*** Opening of ENTRIES SUPPLIED ***

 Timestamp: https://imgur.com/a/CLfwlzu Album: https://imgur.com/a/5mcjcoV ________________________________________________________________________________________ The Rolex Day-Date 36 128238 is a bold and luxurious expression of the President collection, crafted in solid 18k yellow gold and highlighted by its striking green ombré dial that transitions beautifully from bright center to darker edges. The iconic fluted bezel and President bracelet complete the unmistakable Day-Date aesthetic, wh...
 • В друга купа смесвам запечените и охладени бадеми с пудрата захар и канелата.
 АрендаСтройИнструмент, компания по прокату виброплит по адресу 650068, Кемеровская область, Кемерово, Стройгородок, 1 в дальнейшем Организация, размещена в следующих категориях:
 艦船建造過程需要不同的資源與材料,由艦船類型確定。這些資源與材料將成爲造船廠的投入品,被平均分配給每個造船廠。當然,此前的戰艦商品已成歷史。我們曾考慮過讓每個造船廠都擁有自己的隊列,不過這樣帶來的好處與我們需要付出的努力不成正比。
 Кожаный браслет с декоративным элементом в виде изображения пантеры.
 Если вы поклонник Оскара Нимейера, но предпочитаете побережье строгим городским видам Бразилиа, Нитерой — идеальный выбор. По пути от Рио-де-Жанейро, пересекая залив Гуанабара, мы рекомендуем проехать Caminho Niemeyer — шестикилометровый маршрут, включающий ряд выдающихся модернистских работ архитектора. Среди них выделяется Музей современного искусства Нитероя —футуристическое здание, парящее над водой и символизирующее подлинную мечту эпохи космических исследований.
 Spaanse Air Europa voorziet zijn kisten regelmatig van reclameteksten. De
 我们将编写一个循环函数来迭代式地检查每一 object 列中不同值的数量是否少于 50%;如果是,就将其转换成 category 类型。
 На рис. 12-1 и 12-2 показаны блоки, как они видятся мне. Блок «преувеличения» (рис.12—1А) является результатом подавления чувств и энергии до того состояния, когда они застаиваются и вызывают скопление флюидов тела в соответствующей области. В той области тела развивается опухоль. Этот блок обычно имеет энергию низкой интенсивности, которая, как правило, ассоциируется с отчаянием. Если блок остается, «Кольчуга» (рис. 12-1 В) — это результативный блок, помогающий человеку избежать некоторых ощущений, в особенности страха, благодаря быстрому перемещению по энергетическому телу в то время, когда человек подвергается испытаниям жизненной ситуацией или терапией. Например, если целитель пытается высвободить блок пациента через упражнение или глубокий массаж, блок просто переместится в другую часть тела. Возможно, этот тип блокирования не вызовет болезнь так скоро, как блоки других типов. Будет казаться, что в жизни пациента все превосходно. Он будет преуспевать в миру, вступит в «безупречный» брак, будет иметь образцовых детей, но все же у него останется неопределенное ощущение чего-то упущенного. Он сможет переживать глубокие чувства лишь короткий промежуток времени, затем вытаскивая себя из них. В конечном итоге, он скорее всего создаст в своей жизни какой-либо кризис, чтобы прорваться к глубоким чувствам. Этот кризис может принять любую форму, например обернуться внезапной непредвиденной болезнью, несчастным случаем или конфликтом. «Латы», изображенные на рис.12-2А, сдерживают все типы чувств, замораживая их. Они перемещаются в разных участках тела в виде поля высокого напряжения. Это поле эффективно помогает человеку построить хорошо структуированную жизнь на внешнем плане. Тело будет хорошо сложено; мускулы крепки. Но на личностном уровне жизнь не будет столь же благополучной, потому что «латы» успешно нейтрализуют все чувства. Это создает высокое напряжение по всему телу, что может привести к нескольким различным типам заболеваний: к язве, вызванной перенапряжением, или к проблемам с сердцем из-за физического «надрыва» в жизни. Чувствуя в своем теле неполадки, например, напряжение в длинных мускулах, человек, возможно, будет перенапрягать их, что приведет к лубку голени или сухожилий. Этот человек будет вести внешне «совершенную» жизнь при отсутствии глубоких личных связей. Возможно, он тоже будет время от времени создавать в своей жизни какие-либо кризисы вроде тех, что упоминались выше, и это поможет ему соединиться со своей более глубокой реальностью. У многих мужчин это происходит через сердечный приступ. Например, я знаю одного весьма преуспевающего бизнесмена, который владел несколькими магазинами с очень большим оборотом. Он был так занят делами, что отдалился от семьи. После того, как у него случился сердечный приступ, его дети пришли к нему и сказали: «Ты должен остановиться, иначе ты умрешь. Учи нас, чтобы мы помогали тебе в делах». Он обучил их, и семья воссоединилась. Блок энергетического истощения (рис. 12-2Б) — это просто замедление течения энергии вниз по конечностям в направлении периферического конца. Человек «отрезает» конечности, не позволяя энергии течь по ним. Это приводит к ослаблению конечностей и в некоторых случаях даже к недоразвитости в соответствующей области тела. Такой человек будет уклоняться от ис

*** Close of ENTRIES SUPPLIED ***

**TASK DIRECTIONS:**
Your answer must be an exact copy of all the entries.

**EXPECTED ANSWER:**
 Timestamp: https://imgur.com/a/CLfwlzu Album: https://imgur.com/a/5mcjcoV ________________________________________________________________________________________ The Rolex Day-Date 36 128238 is a bold and luxurious expression of the President collection, crafted in solid 18k yellow gold and highlighted by its striking green ombré dial that transitions beautifully from bright center to darker edges. The iconic fluted bezel and President bracelet complete the unmistakable Day-Date aesthetic, wh...
 • В друга купа смесвам запечените и охладени бадеми с пудрата захар и канелата.
 АрендаСтройИнструмент, компания по прокату виброплит по адресу 650068, Кемеровская область, Кемерово, Стройгородок, 1 в дальнейшем Организация, размещена в следующих категориях:
 艦船建造過程需要不同的資源與材料,由艦船類型確定。這些資源與材料將成爲造船廠的投入品,被平均分配給每個造船廠。當然,此前的戰艦商品已成歷史。我們曾考慮過讓每個造船廠都擁有自己的隊列,不過這樣帶來的好處與我們需要付出的努力不成正比。
 Кожаный браслет с декоративным элементом в виде изображения пантеры.
 Если вы поклонник Оскара Нимейера, но предпочитаете побережье строгим городским видам Бразилиа, Нитерой — идеальный выбор. По пути от Рио-де-Жанейро, пересекая залив Гуанабара, мы рекомендуем проехать Caminho Niemeyer — шестикилометровый маршрут, включающий ряд выдающихся модернистских работ архитектора. Среди них выделяется Музей современного искусства Нитероя —футуристическое здание, парящее над водой и символизирующее подлинную мечту эпохи космических исследований.
 Spaanse Air Europa voorziet zijn kisten regelmatig van reclameteksten. De
 我们将编写一个循环函数来迭代式地检查每一 object 列中不同值的数量是否少于 50%;如果是,就将其转换成 category 类型。
 На рис. 12-1 и 12-2 показаны блоки, как они видятся мне. Блок «преувеличения» (рис.12—1А) является результатом подавления чувств и энергии до того состояния, когда они застаиваются и вызывают скопление флюидов тела в соответствующей области. В той области тела развивается опухоль. Этот блок обычно имеет энергию низкой интенсивности, которая, как правило, ассоциируется с отчаянием. Если блок остается, «Кольчуга» (рис. 12-1 В) — это результативный блок, помогающий человеку избежать некоторых ощущений, в особенности страха, благодаря быстрому перемещению по энергетическому телу в то время, когда человек подвергается испытаниям жизненной ситуацией или терапией. Например, если целитель пытается высвободить блок пациента через упражнение или глубокий массаж, блок просто переместится в другую часть тела. Возможно, этот тип блокирования не вызовет болезнь так скоро, как блоки других типов. Будет казаться, что в жизни пациента все превосходно. Он будет преуспевать в миру, вступит в «безупречный» брак, будет иметь образцовых детей, но все же у него останется неопределенное ощущение чего-то упущенного. Он сможет переживать глубокие чувства лишь короткий промежуток времени, затем вытаскивая себя из них. В конечном итоге, он скорее всего создаст в своей жизни какой-либо кризис, чтобы прорваться к глубоким чувствам. Этот кризис может принять любую форму, например обернуться внезапной непредвиденной болезнью, несчастным случаем или конфликтом. «Латы», изображенные на рис.12-2А, сдерживают все типы чувств, замораживая их. Они перемещаются в разных участках тела в виде поля высокого напряжения. Это поле эффективно помогает человеку построить хорошо структуированную жизнь на внешнем плане. Тело будет хорошо сложено; мускулы крепки. Но на личностном уровне жизнь не будет столь же благополучной, потому что «латы» успешно нейтрализуют все чувства. Это создает высокое напряжение по всему телу, что может привести к нескольким различным типам заболеваний: к язве, вызванной перенапряжением, или к проблемам с сердцем из-за физического «надрыва» в жизни. Чувствуя в своем теле неполадки, например, напряжение в длинных мускулах, человек, возможно, будет перенапрягать их, что приведет к лубку голени или сухожилий. Этот человек будет вести внешне «совершенную» жизнь при отсутствии глубоких личных связей. Возможно, он тоже будет время от времени создавать в своей жизни какие-либо кризисы вроде тех, что упоминались выше, и это поможет ему соединиться со своей более глубокой реальностью. У многих мужчин это происходит через сердечный приступ. Например, я знаю одного весьма преуспевающего бизнесмена, который владел несколькими магазинами с очень большим оборотом. Он был так занят делами, что отдалился от семьи. После того, как у него случился сердечный приступ, его дети пришли к нему и сказали: «Ты должен остановиться, иначе ты умрешь. Учи нас, чтобы мы помогали тебе в делах». Он обучил их, и семья воссоединилась. Блок энергетического истощения (рис. 12-2Б) — это просто замедление течения энергии вниз по конечностям в направлении периферического конца. Человек «отрезает» конечности, не позволяя энергии течь по ним. Это приводит к ослаблению конечностей и в некоторых случаях даже к недоразвитости в соответствующей области тела. Такой человек будет уклоняться от ис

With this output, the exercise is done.